**Recorded data:**

• • • •

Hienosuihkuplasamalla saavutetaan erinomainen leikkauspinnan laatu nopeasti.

• • • •

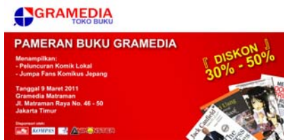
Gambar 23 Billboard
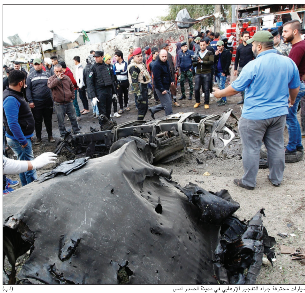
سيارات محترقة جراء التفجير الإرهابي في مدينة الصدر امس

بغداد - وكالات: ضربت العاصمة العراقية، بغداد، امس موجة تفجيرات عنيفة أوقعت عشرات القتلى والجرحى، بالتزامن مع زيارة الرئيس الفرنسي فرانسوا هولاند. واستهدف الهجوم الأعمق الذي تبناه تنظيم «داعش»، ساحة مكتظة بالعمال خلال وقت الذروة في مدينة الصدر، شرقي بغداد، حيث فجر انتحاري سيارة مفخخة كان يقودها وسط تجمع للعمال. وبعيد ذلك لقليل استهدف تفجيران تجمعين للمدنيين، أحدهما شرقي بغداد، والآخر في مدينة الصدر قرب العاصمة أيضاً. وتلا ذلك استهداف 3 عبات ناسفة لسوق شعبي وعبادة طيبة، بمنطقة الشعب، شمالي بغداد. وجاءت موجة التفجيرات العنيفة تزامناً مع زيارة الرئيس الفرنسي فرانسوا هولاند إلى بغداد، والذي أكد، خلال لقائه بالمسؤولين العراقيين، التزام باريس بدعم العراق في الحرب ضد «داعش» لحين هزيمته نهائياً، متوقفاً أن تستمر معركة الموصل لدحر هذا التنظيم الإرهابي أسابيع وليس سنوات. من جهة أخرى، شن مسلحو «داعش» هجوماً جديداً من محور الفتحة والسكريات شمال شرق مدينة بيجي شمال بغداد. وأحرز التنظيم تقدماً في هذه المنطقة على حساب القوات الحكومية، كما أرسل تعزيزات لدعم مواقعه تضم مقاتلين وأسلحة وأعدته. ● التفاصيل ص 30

• • • •

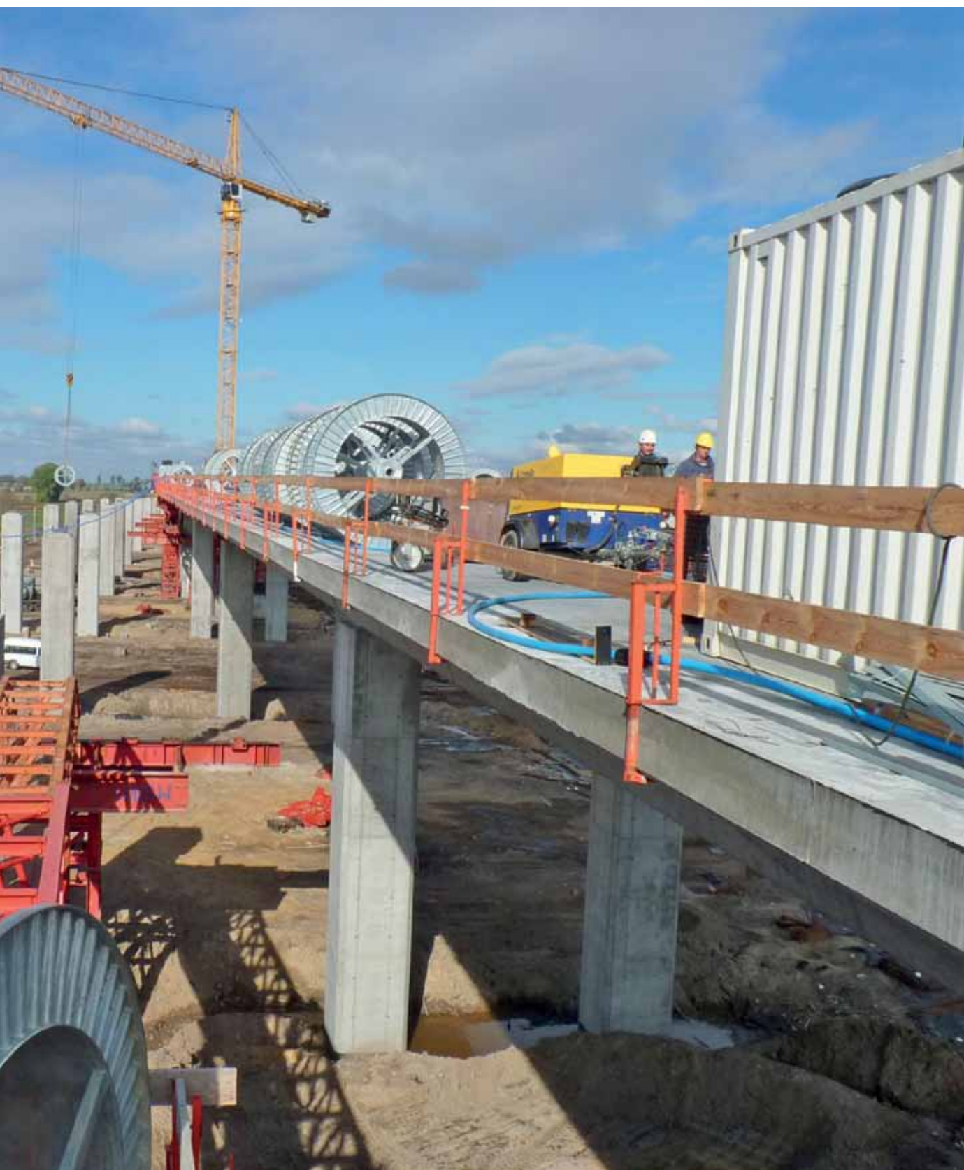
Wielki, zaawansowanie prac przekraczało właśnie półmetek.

• • • •

**How to complete this task:** From the records above, copy exactly the stretch from the line holding "Gambar 23 Billboard" through the line holding "سيارات محترقة جراء", both ends included, without the pictures.

**Reply:**
Gambar 23 Billboard
سيارات محترقة جراء التفجير الإرهابي في مدينة الصدر امس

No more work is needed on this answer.